Task instructions: The lines from the one with "Enquanto isso, coloque" through the last line of the material below, copied exactly and free of pictures, make up the whole answer.
(Beginning of Given material)
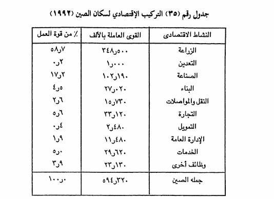 أحد ملامح جغرافية العمران والسكان فى الصين فهي لم تتحول بعد إلى نمط الدول الصناعية أما بالنسبة لتركيب السكان الاقتصادي فيوضحه الجدول رقم (35).
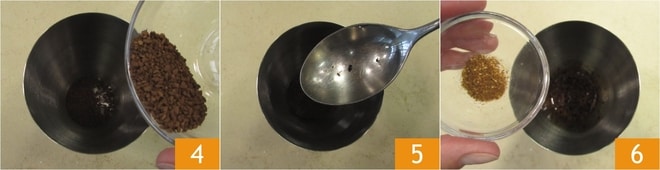 Enquanto isso, coloque o café solúvel no shaker 4 e adicione 2 colheres de sopa da água quente com baunilha 5. Agite bem, depois adicione também a pimenta 6.
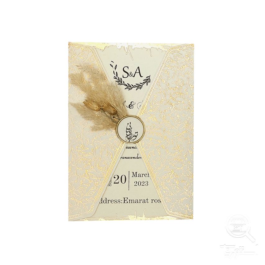 کارت عروسی مقوای کرمی طلایی طرح دار با دکمه و گل خشک 460
(End of Given material)
Solution to this task:
 Enquanto isso, coloque o café solúvel no shaker 4 e adicione 2 colheres de sopa da água quente com baunilha 5. Agite bem, depois adicione também a pimenta 6.
 کارت عروسی مقوای کرمی طلایی طرح دار با دکمه و گل خشک 460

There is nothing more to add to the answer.